Data extract
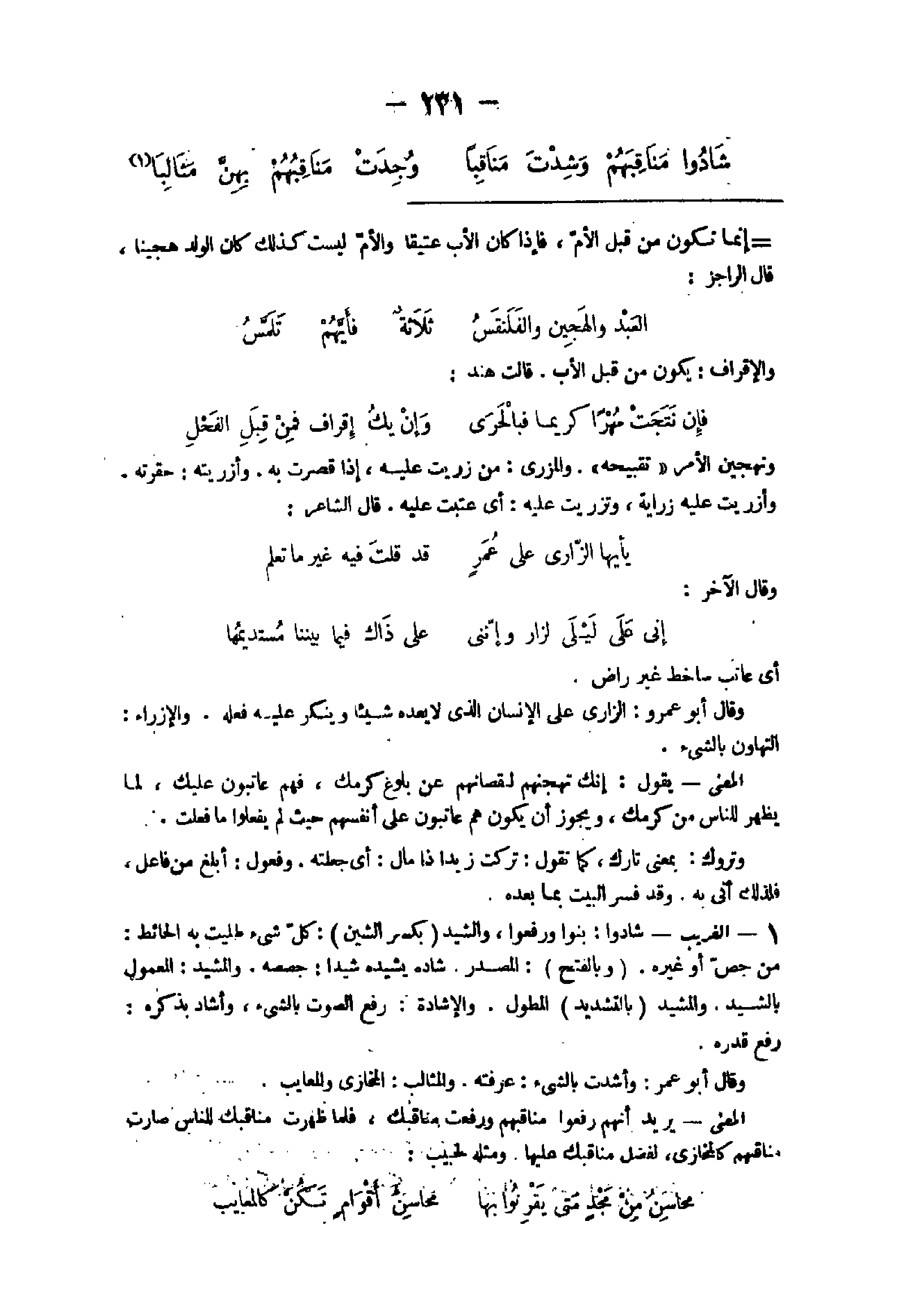 - الْغَرِيب شادوا بنوا وَرفعُوا والشيد بِكَسْر الشين كل شئ طليت بِهِ الْحَائِط من جص أَو غَيره وبالفتح الْمصدر شاده يشيده شيدا جصصه والمشيد الْمَعْمُول بالشيد والمشيد بِالتَّشْدِيدِ المطول والإشادة رفع الصَّوْت بالشئ وأشاد بِذكرِهِ رفع قدره وَقَالَ أَبُو عمر وأشدت بالشئ عَرفته والمثالب المخازى والمعايب الْمَعْنى يُرِيد أَنهم رفعوا مناقبهم وَرفعت مناقبك فَلَمَّا ظَهرت مناقبل للنَّاس صَارَت مناقبهم كالمخازى لفضل مناقبك عَلَيْهَا وَمثله لحبيب
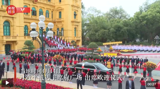 4月14日,中共中央總書記、國家主席習(xí)近平抵達河內(nèi)對越南進行國事訪問。當日下午,越共中央總書記蘇林為習(xí)近平舉行隆重歡迎儀式。
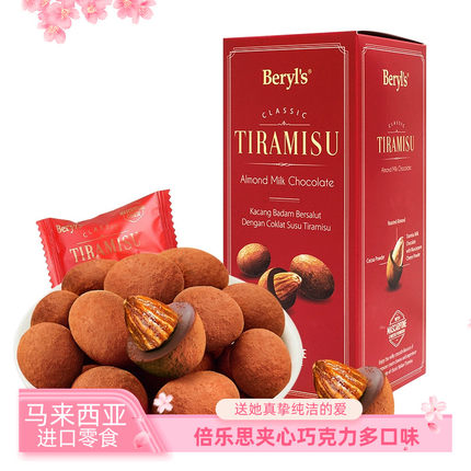 倍乐思牛奶巧克力盒装200克休闲零食马来西亚进口杏仁夹心巧克力

Aim of the exercise
From the line with "4月14日,中共中央總書記、" to the last line above, restate each line word for word, but skip the pictures.

Result below
 4月14日,中共中央總書記、國家主席習(xí)近平抵達河內(nèi)對越南進行國事訪問。當日下午,越共中央總書記蘇林為習(xí)近平舉行隆重歡迎儀式。
 倍乐思牛奶巧克力盒装200克休闲零食马来西亚进口杏仁夹心巧克力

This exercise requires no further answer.